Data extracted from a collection

=== Begin Enclosure ===

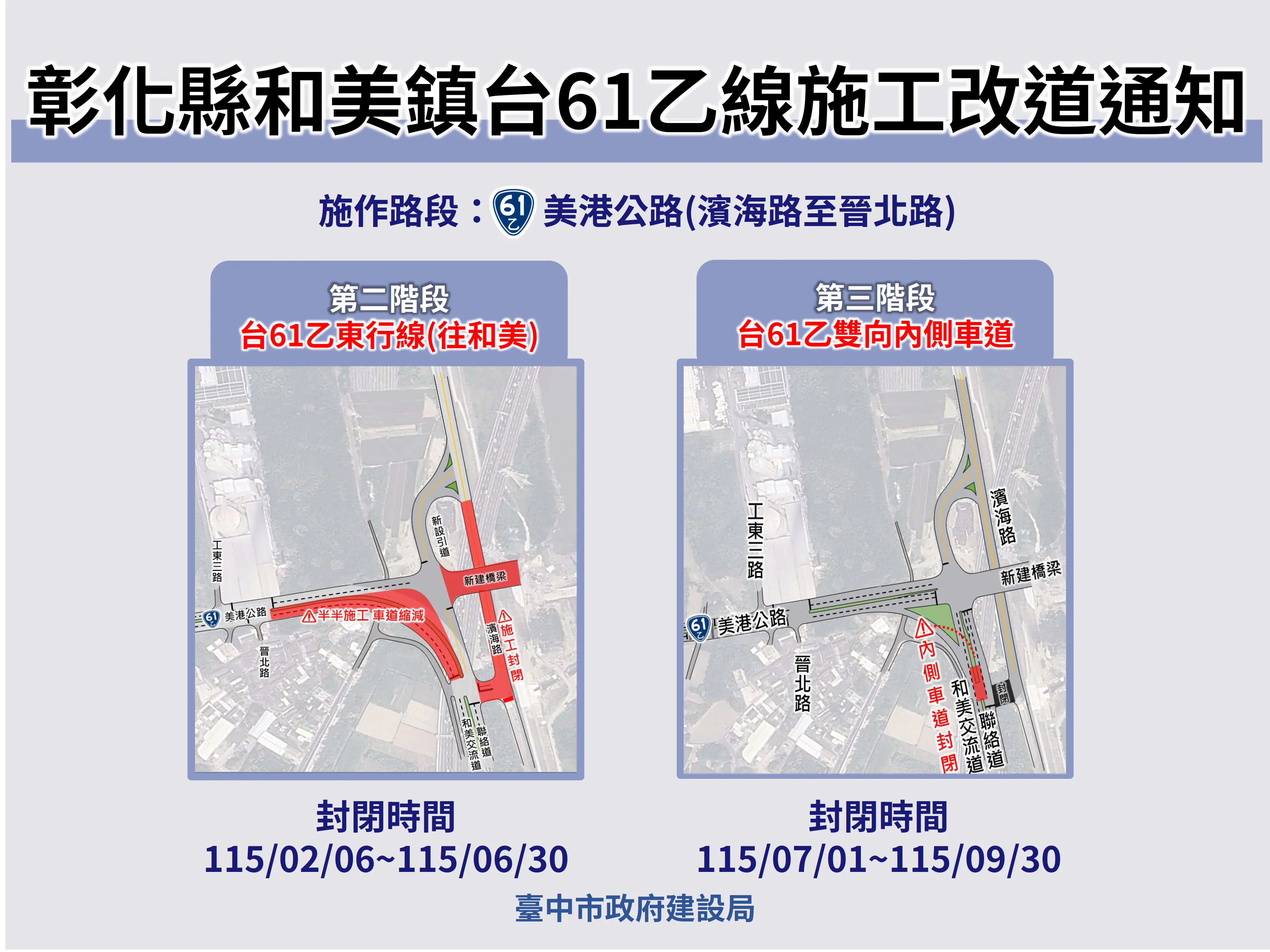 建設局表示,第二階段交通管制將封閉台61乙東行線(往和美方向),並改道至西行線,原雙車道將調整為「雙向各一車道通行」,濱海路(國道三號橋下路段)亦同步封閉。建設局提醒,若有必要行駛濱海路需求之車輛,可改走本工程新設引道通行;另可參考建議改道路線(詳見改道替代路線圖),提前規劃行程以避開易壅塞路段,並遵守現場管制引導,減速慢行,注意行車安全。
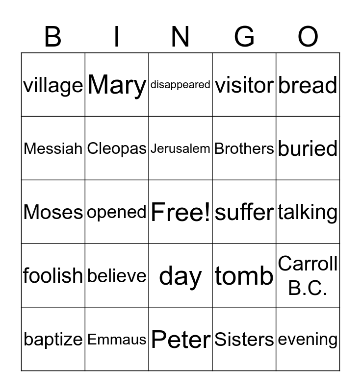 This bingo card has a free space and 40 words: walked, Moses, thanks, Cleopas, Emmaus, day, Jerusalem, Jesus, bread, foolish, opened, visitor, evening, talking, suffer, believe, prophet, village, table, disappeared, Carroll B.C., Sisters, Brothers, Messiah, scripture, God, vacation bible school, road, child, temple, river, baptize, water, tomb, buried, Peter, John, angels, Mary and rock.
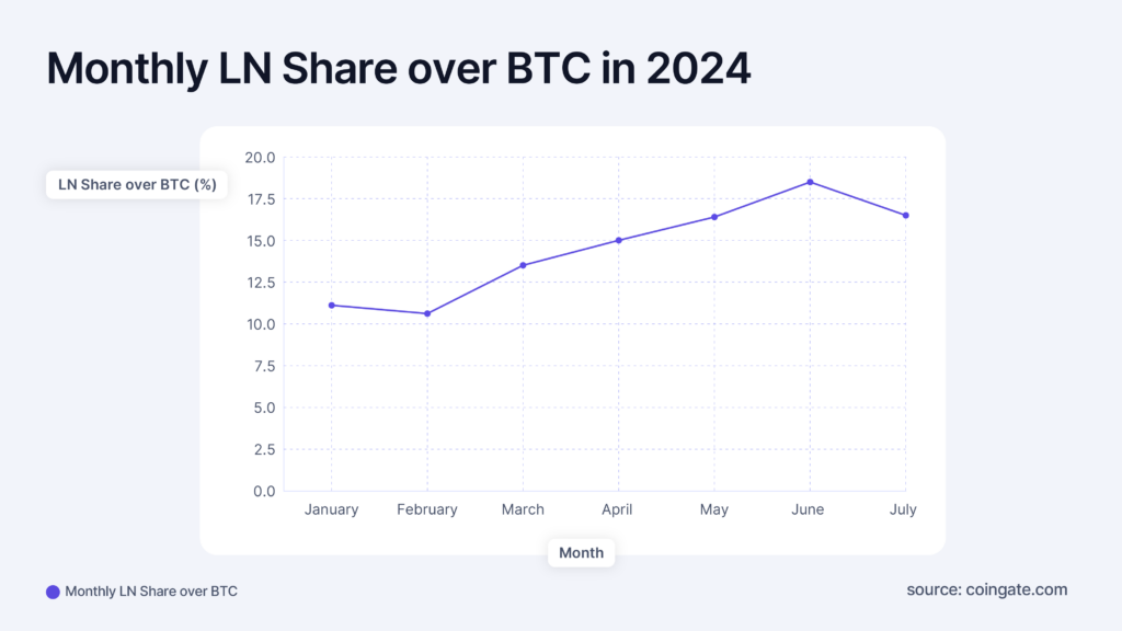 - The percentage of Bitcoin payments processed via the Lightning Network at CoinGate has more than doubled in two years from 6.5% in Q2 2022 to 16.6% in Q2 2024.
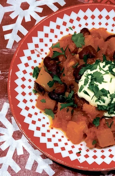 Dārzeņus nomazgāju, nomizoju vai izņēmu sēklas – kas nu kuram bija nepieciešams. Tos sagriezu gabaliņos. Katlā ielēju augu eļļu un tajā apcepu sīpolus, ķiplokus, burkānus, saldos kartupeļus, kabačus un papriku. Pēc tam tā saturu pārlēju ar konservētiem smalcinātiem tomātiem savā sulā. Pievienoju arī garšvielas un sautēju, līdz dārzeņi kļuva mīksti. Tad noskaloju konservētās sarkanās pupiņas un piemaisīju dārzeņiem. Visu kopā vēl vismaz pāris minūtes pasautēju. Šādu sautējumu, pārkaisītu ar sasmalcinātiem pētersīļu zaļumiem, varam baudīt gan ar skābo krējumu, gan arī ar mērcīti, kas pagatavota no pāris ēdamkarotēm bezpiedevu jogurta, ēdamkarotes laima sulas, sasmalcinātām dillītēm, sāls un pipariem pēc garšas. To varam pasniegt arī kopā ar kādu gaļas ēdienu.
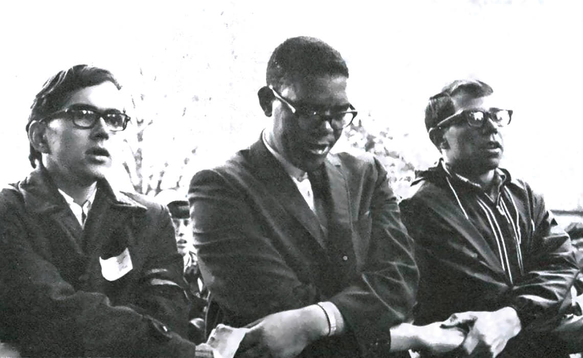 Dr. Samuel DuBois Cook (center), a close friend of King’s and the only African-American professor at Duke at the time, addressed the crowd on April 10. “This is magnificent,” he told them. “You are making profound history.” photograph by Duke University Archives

=== End Enclosure ===

Required action: Nothing but the lines from the line containing "This bingo card" to the end of the records above should be repeated, exactly and with every picture omitted.

Your solution:
 This bingo card has a free space and 40 words: walked, Moses, thanks, Cleopas, Emmaus, day, Jerusalem, Jesus, bread, foolish, opened, visitor, evening, talking, suffer, believe, prophet, village, table, disappeared, Carroll B.C., Sisters, Brothers, Messiah, scripture, God, vacation bible school, road, child, temple, river, baptize, water, tomb, buried, Peter, John, angels, Mary and rock.
 - The percentage of Bitcoin payments processed via the Lightning Network at CoinGate has more than doubled in two years from 6.5% in Q2 2022 to 16.6% in Q2 2024.
 Dārzeņus nomazgāju, nomizoju vai izņēmu sēklas – kas nu kuram bija nepieciešams. Tos sagriezu gabaliņos. Katlā ielēju augu eļļu un tajā apcepu sīpolus, ķiplokus, burkānus, saldos kartupeļus, kabačus un papriku. Pēc tam tā saturu pārlēju ar konservētiem smalcinātiem tomātiem savā sulā. Pievienoju arī garšvielas un sautēju, līdz dārzeņi kļuva mīksti. Tad noskaloju konservētās sarkanās pupiņas un piemaisīju dārzeņiem. Visu kopā vēl vismaz pāris minūtes pasautēju. Šādu sautējumu, pārkaisītu ar sasmalcinātiem pētersīļu zaļumiem, varam baudīt gan ar skābo krējumu, gan arī ar mērcīti, kas pagatavota no pāris ēdamkarotēm bezpiedevu jogurta, ēdamkarotes laima sulas, sasmalcinātām dillītēm, sāls un pipariem pēc garšas. To varam pasniegt arī kopā ar kādu gaļas ēdienu.
 Dr. Samuel DuBois Cook (center), a close friend of King’s and the only African-American professor at Duke at the time, addressed the crowd on April 10. “This is magnificent,” he told them. “You are making profound history.” photograph by Duke University Archives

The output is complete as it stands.